- The index trades slightly on the defensive near 102.80.
- US yields look to rebound from recent multi-week lows.
- PCE, Core PCE take centre stage later in the NA session.
The greenback appears under some selling pressure and gyrates around the 102.80 region when measured by the USD Index (DXY) on Thursday.
USD Index focuses on key data
The index now faces some headwinds following Wednesday’s decent rebound from three-month lows near 102.40.
The ongoing three-week retracement in the dollar has been magnified in response to increasing speculation of interest rate cuts by the Federal Reserve at some point in the spring of 2024, a view that seems to still be contested by some Fed rate setters.
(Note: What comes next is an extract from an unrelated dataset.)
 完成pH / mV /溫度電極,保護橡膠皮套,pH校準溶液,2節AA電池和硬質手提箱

Later in the NA session, all the attention is expected to be on the release of US inflation figures tracked by the PCE and Core PCE, seconded by usual weekly Initial Claims, Personal Income, Personal Spending and Pending Home Sales.
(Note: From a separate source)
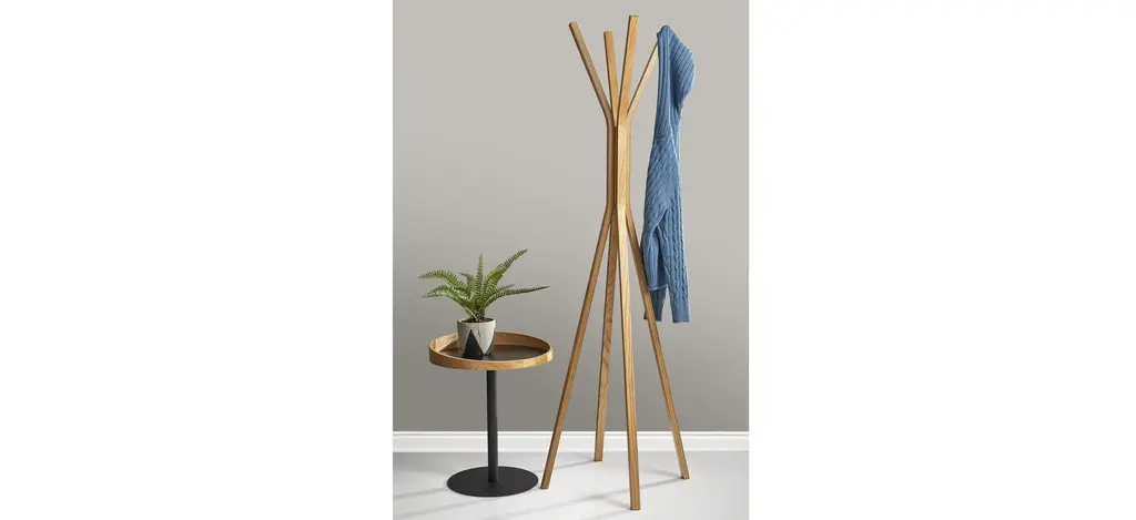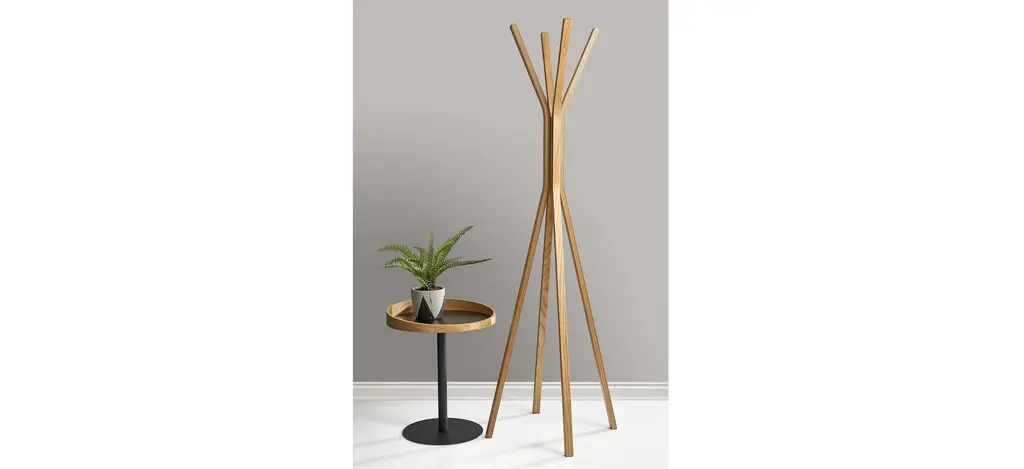A functional and stylish addition to your entry way, the Kagamihara Coat Rack is a modern Scandinavian statement. Four coat hooks are crafted of layered furniture-grade plywood with a natural oak wood veneer on the outer layers. A 16.5" square footprint gives this coat rack a sturdy stance.

What to look for around USD
The index managed to regain some balance after bottoming out in three-week lows near 102.40 earlier in the week.
Looking at the broader picture, the dollar appears depressed against the backdrop of rising speculation of probable interest rate cuts in H1 2024, all in response to further disinflationary pressures and the gradual cooling of the labour market.
Some support for the greenback, however, still emerges the resilience of the US economy as well as a persistent hawkish narrative from some Fed rate setters.
Key events in the US this week: PCE, Core PCE, Initial Jobless Claims, Personal Income, Personal Spending, Pending Home Sales (Thursday) – Final S&P Global Manufacturing PMI, ISM Manufacturing PMI, Construction Spending, Fed’s Powell (Friday).
Eminent issues on the back boiler: Growing perception of a soft landing for the US economy. Speculation of rate cuts at some point in the spring of 2024. Omnipresent geopolitical effervescence vs. Russia and China. Potential spread of the Middle East crisis to other regions.
USD Index relevant levels
Now, the index is down 0.09% at 102.74 and faces immediate contention at 102.46 (monthly low November 29) ahead of 101.74 (monthly low August 4) and then 100.51 (weekly low July 27). On the upside, the breakout of 103.58 (200-day SMA) would open the door to 104.21 (weekly high November 22) and then 105.47 (55-day SMA).